Continued research into the development of prototype optics based Top-of-Rail (TOR) Lubricity sensors has led to the discovery of benefits and drawbacks of different optical sensing technologies. Sensors of many different types have been investigated for their ability to detect track lubricants including Light Detection and Ranging (LIDAR), laser, and LED emitters. The individual performances of these different methods do not always translate directly when adapted for track lubricity measurements. This paper intends to unpack some of these conclusions and their specific relationships to the application for Top-of-Rail condition based monitoring in a revenue service environment.

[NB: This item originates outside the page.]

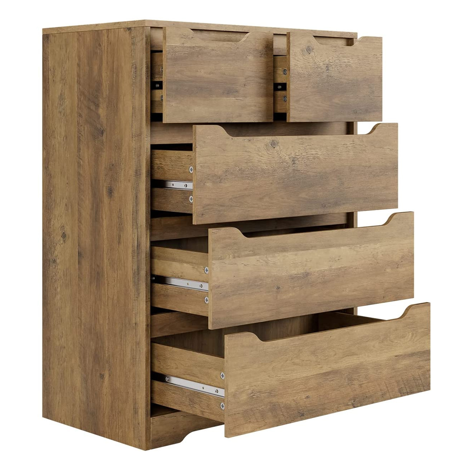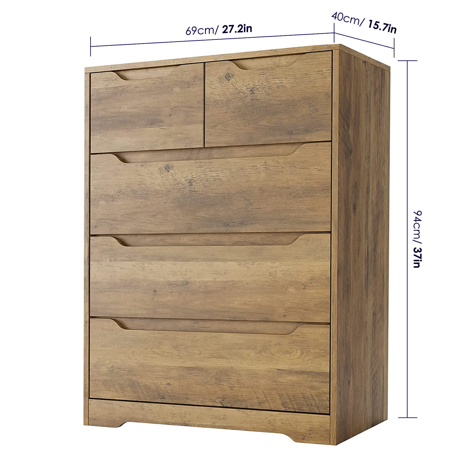 Homfa Dresser for Bedroom. Wood Storage Chest of 5 Drawers with Cutout Handles for Living Room. Rustic Brown

Railroads use rail lubricants to reduce curving forces that contribute to rail and wheel wear and to increase train efficiency. Top-of-Rail Friction Modifiers (TORFM) and flange grease are applied to the rail by train wheels passing through wayside applicators. TORFM is inherently different from flange grease in that it is an engineered lubricant designed to manage the coefficient of friction to an optimal value for traction and braking forces while reducing lateral forces that contribute to wheel and rail wear. While track lubricants provide a compelling benefit for the railroads, there is a fair amount of ambiguity as to how much should be applied to the track, how far they carry down the track from the point of application, and how long they last beyond the time of application. The empirical methods that are currently available are ad hoc, imprecise, and subject to a large amount of error. It is desired to have sensors that can provide some level of objective assessment of the amount of lubricant available on the rail. Such a sensor can be used to answer many of the tor lubrication questions that currently remain unanswered.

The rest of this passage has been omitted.